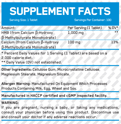 Ingredients: Calcium (from Calcium B-Hydroxy B-Methylbutyrate Monohydrate), HMB (Calcium B-Hydroxy B-Methylbutyrate Monohydrate)
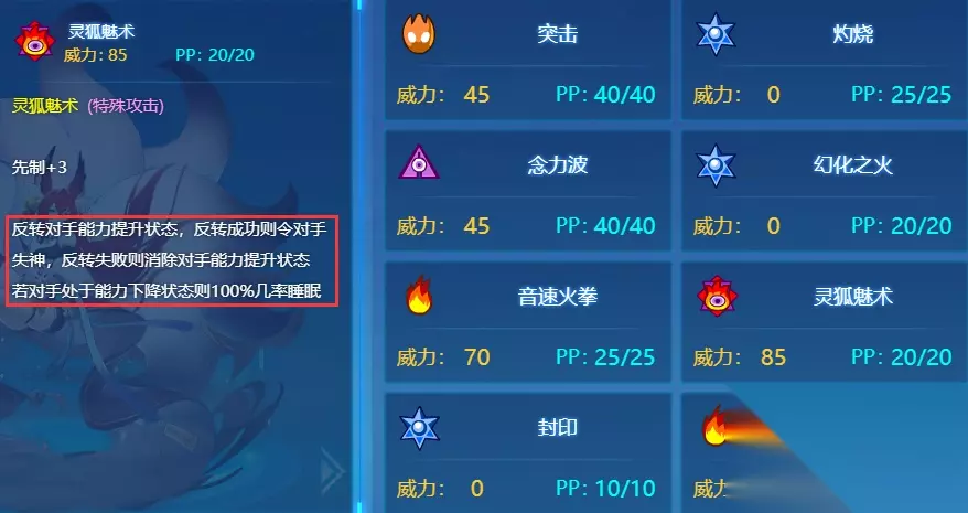 九尾幻念殇:若命中前对手不处于异常状态则造成的伤害翻倍;对手不处于能力下降状态则造成的伤害提高100%;击败对手则恢复自身全部体力和所有技能PP值; 最受争议的核心技能,对手白板状态、不弱化状态威力翻倍,在原有的基础上,150的威力被翻了2倍,也就是150+150+150=450,击败有补偿,可以跳佛,而且这是一个超能系本攻。
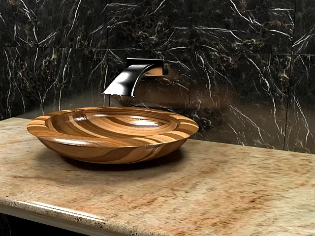 По материалам: поработать над глянцем/матовостью. Пока все какое-то одинаково блестящее - камень, раковина, и не там, где нужно. Мрамор на стене, например, можно сделать более глянцевым, а столешницу - поматовее (и текстуру на ней развернуть или заменить или затайлить получше). Блики прям ядерные, потренируйтесь может быть более рассеянный свет давать и например настройки рендера как-то потыкать
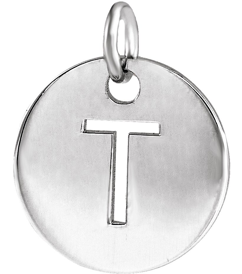 14K White Initial T 10 mm Disc Pendant Ref 16868419
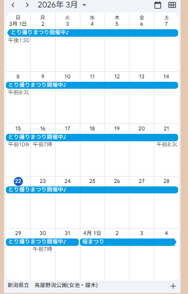 三連休の最終日は、鳥屋野潟公園にいらしてください。
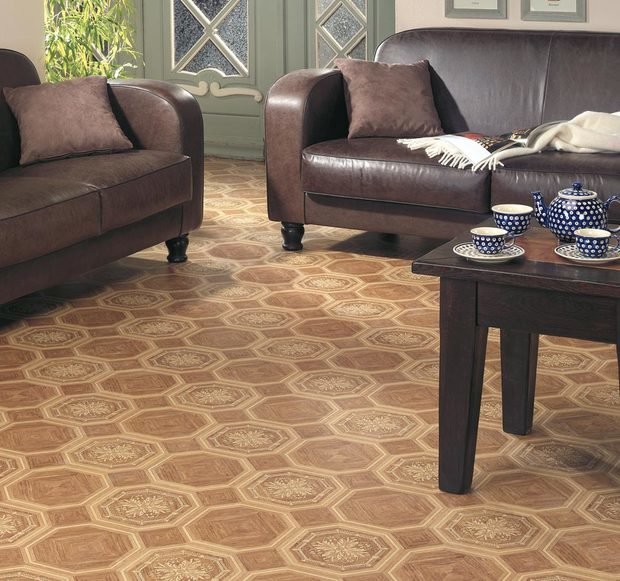 Dans les intérieurs traditionnels, le linoléum est généralement posé sous du bois clair ou foncé.

----

» **Work request**: Write out again exactly the lines from the start of the data above through the line containing "九尾幻念殇:若命中前对手不处", inclusive, excluding any pictures.

» **Your solution**:
 Ingredients: Calcium (from Calcium B-Hydroxy B-Methylbutyrate Monohydrate), HMB (Calcium B-Hydroxy B-Methylbutyrate Monohydrate)
 九尾幻念殇:若命中前对手不处于异常状态则造成的伤害翻倍;对手不处于能力下降状态则造成的伤害提高100%;击败对手则恢复自身全部体力和所有技能PP值; 最受争议的核心技能,对手白板状态、不弱化状态威力翻倍,在原有的基础上,150的威力被翻了2倍,也就是150+150+150=450,击败有补偿,可以跳佛,而且这是一个超能系本攻。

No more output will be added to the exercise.